Sequencing verifies the correctness of the sequence. The sequence of the exogenous gene inserted into the obtained recombinant plasmid is the 55 th to 1059 th nucleotides of SEQ ID NO.2, and the recombinant plasmid is named as pPIC-Ctxyn 10A.
Transforming the recombinant plasmid pPIC-Ctxyn10A into pichia pastoris GS 115; and (3) extracting plasmid from the positive recombinant bacteria, sequencing and verifying the correctness of the sequence, and naming the recombinant pichia pastoris strain containing the recombinant plasmid pPIC-Ctxyn10A with correct sequencing as GS115/Ctxyn 10A.
Inoculating the recombinant strain GS115/Ctxyn10A into 300m L BMGY culture solution, carrying out shake culture at 30 ℃ and 250rpm for 48h, centrifuging to collect thalli, then carrying out heavy suspension on 100m L BMMY culture medium, carrying out shake culture at 30 ℃ and 250rpm, inducing for 72h, centrifuging to collect supernatant, purifying protein, and determining the activity of xylanase Ctxyn 10A.
The SDS-PAGE result is shown in figure 1, and the result in figure 1 shows that the xylanase CtXyn10A is expressed in the Pichia pastoris recombinant strain GS115/CtXyn 10A. After the expressed xylanase CtXyn10A is purified, the content of target protein reaches more than 90% of total protein, and the electrophoretic purity is achieved. After the ENDO-H deglycosylation, the molecular weight of the purified protein is consistent with the theoretical value and is 37.4 kDa.
Example 4 determination of enzyme Activity of neutral high temperature xylanase CtXyn10A
The activity of the xylanase CtXyn10A prepared in the above example 3 is determined by a DNS method, wherein a reaction system of 1m L comprises a proper diluted enzyme solution of 100 mu L and a substrate of 900 mu L at the temperature of 70 ℃ and the pH of 6.5, the reaction is performed for 10min, 1.5m L DNS is added to terminate the reaction, the reaction is boiled in water for 5min, the OD value is determined at 540nm after cooling, 1 enzyme activity unit (U) is defined as the enzyme quantity which releases 1 mu mol of reducing sugar per minute under the given conditions, and the enzyme activity of the neutral high-temperature xylanase CtXyn10A prepared in the example 3 is determined to be 160U/m L.

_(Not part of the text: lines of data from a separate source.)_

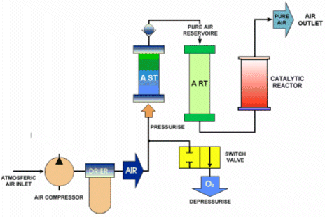 The generator AG 2301 is based on the PSA (Pressure Swing Adsorption) principle. The pure air is generated by compressing ambient into a Carbon Sieve Bed (CMS).
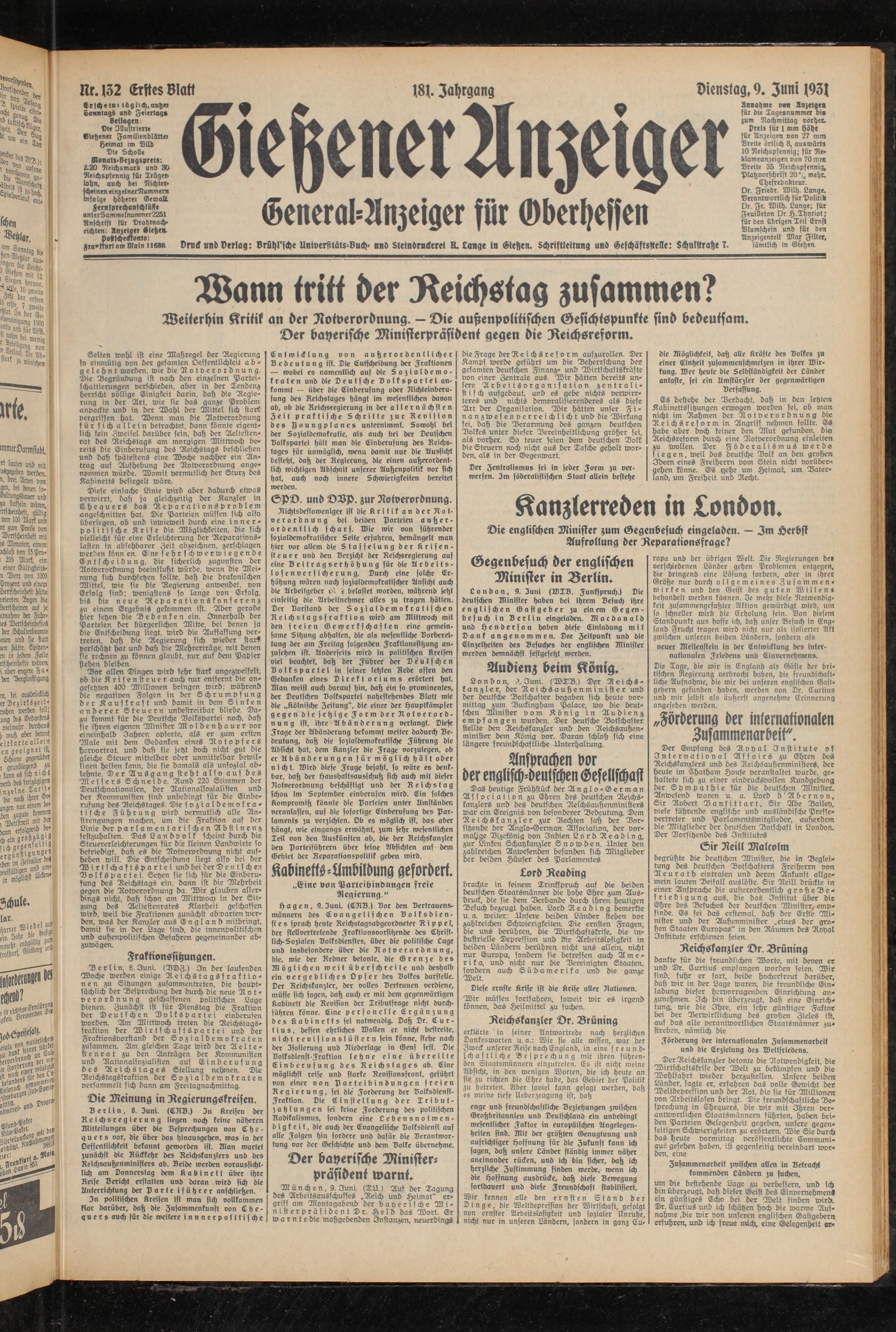 Gießener Anzeiger. 1868-1943
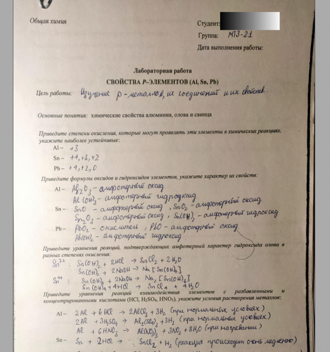 Лабораторная работа 6: Химические свойства p-элементов (Al,Sn,Pb)
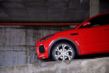 Red car on the concrete ramp at multi level car parking garage
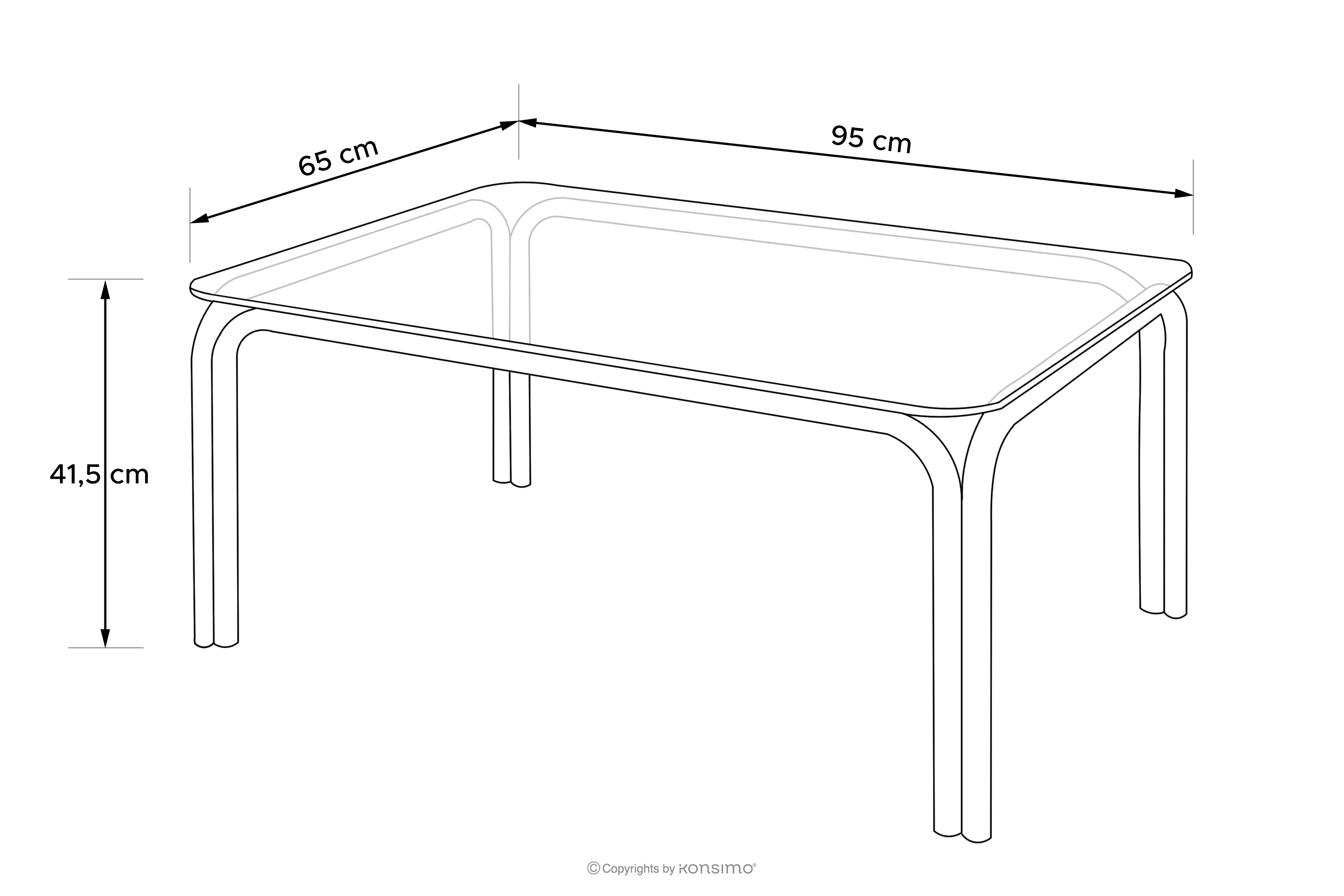 • Stolik: 95x41,5x65 cm
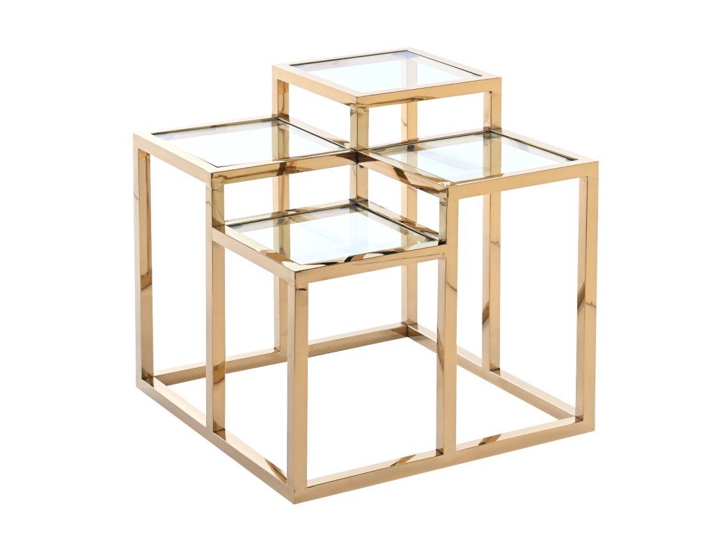 Príručný stolík Malibu kombinuje krásu a funkčnosť. Kľúčové sú jeho pútavý dizajn, vynikajúca povrchová úprava a dôraz na detail. Jeho elegantný dizajn sa dobre hodí k minimalistickému štýlu, vďaka čomu sa perfektne hodí do každého interiéru. Rovnako ako iný nábytok z kolekcie L.A. Glam, dopĺňa glamour, moderný, loftový, minimalistický a newyorský štýl interiérov a so správnou kombináciou môže zdobiť aj obývačky v industriálnom štýle. Príručný stolík Malibu s rozmermi 60x60x60 cm sa skladá z niekoľkých prvkov, ktoré vytvárajú podmanivý tvar a formu. Má štyri malé dosky stola umiestnené na geometrickom podstavci. Dosky stola sú vyrobené z priehľadného skla, zatiaľ čo podstavec je vyrobený z nehrdzavejúcej ocele v krásnej zlatej farbe. Vďaka tomu je stolík Malibu dostatočne všestranný na to, aby sa dal kombinovať s iným nábytkom, a najlepšie vyzerá v kombinácii s plyšovým nábytkom čalúneným zamatom. Spoločne vytvárajú perfektný kútik na relaxáciu a zábavu hostí. Na štyri dosky stola sa zmestí malé občerstvenie a nápoje, ako aj decentné dekorácie, ako napríklad váza s kvetmi.Dodatočné parametre
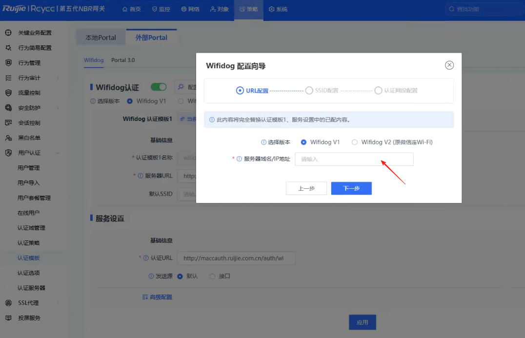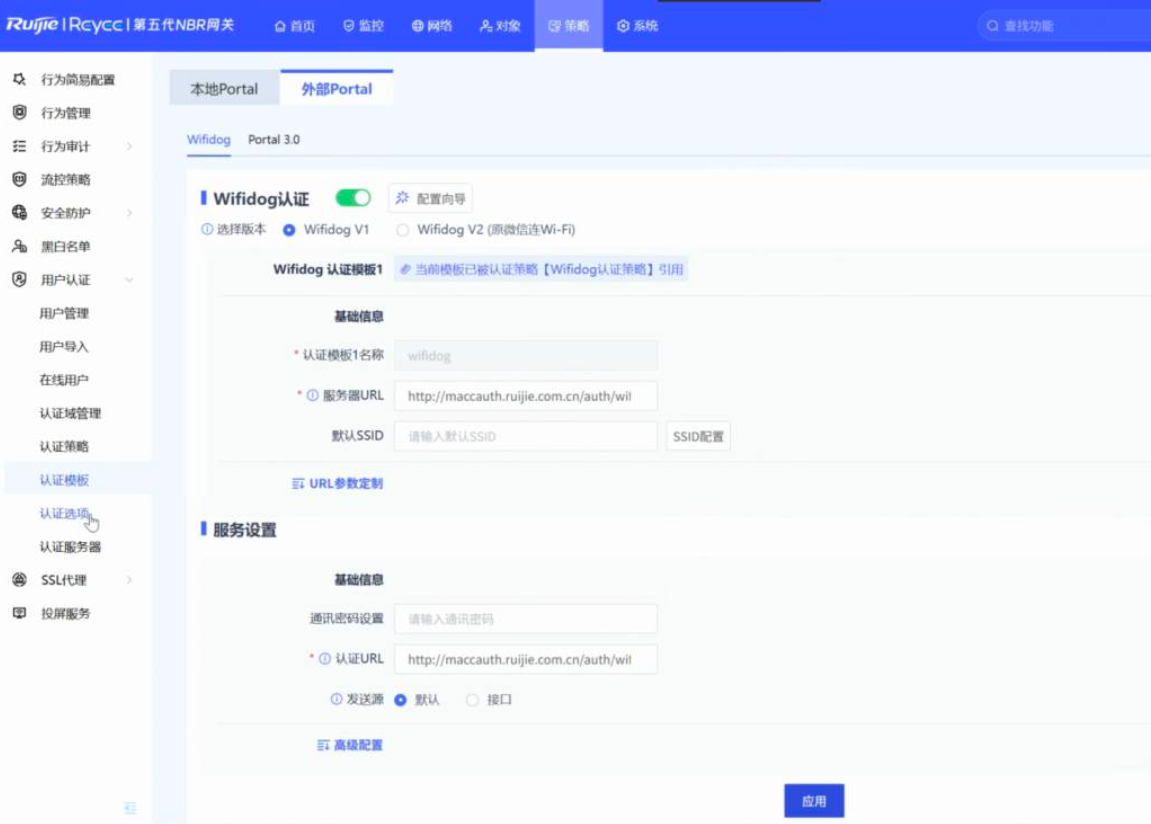 5、認(rèn)證模板名稱,選擇“wifidog”,然后保存。
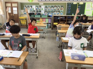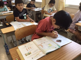 算数の学習です。一覧表にまとめられたものを、棒グラフを使って表すことに挑戦です。
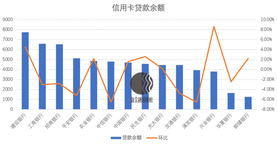 在14家银行当中,7家银行信用卡贷款余额较年初有所上升,但幅度都不大,最高的是兴业银行,增幅为8.61%;其余7家银行较年初小幅下降。
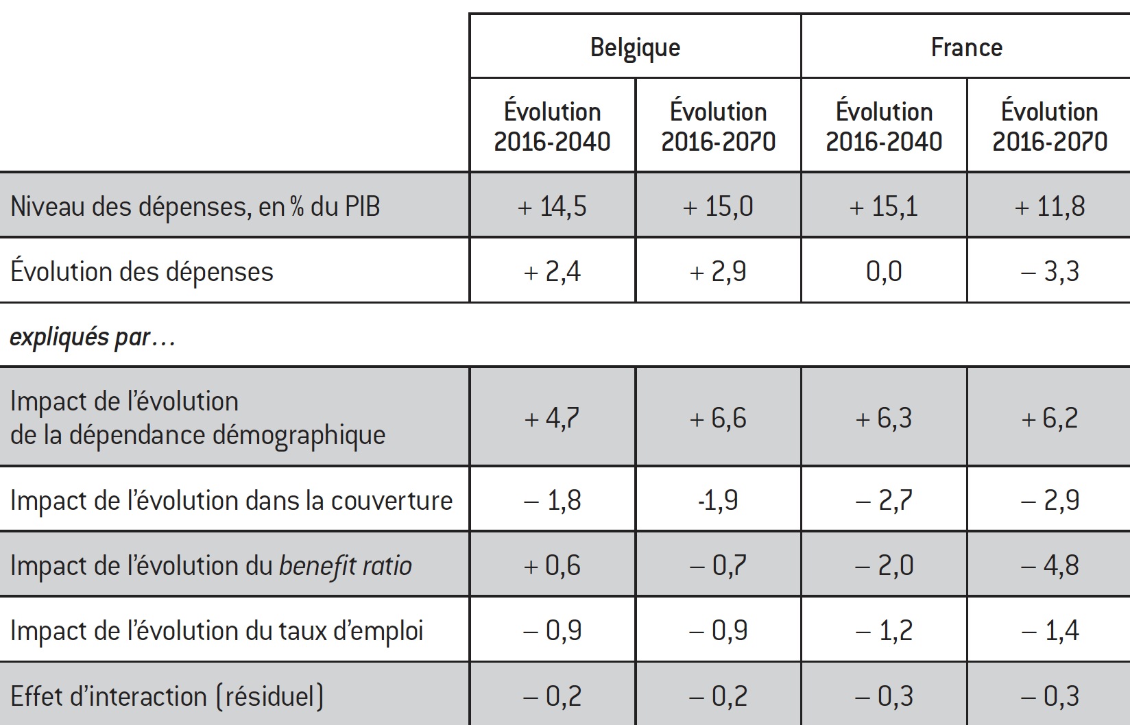 À très long terme, dans les projections centrales, l’impact de la démographie (hors la différence en taille des deux populations) est comparable pour la France et la Belgique : si les autres paramètres ne changent pas, le seul effet du vieillissement de la population serait d’augmenter les dépenses d’ici 2070 à 6,2% du PIB en France et à 6,6% en Belgique (à moyen terme, d’ici 2040, l’impact du vieillissement démographique est plus important en France qu’en Belgique). En France, cependant, dans ces projections centrales, l’impact du vieillissement serait plus que compensé par le report moyen de la prise de la retraite (qui est reflété dans l’évolution de la couverture), la diminution du benefit ratio et l’amélioration du taux d’emploi. L’impact de la diminution du benefit ratio français est le facteur le plus important dans cette dynamique. En revanche, en Belgique, le benefit ratio est présumé être plutôt stable à long terme, mais les dépenses publiques augmentent, en dépit du fait que la couverture diminue (c’est-à-dire que l’on prévoit un report moyen de l’âge de la retraite en Belgique, bien que son impact sur les dépenses soit moins prononcé qu’en France) et que le taux d’emploi augmente.

Example 5 determination of the Properties of the neutral thermophilic xylanase CtXyn10A
1. The method for determining the optimal pH and pH stability of the recombinant xylanase CtXyn10A is as follows:
the recombinant xylanase purified in example 3 is subjected to enzymatic reaction at different pH values to determine the optimum pH., the substrate xylan is dissolved by 0.1 mol/L citric acid-disodium hydrogen phosphate buffer solutions with different pH values, and the xylanase activity is determined at 30 ℃, the result is shown in figure 2, the optimum pH value of the xylanase CtXyn10A is 6.0-7.0, the enzyme activity is maintained to be more than 80% of the maximum enzyme activity within the range of pH5.0-8.0, the xylanase is treated in the buffer solutions with different pH values at 37 ℃ for 60min, and then the enzyme activity is determined in a buffer solution system with pH6.5 at 70 ℃ to study the pH tolerance of the enzyme, the result is shown in figure 3, the xylanase CtXyn10A is stable within the range of pH 4.0-12.0, and the enzyme activity is more than 80% after the treatment within the pH range for 60min, which indicates that the enzyme has better pH stability.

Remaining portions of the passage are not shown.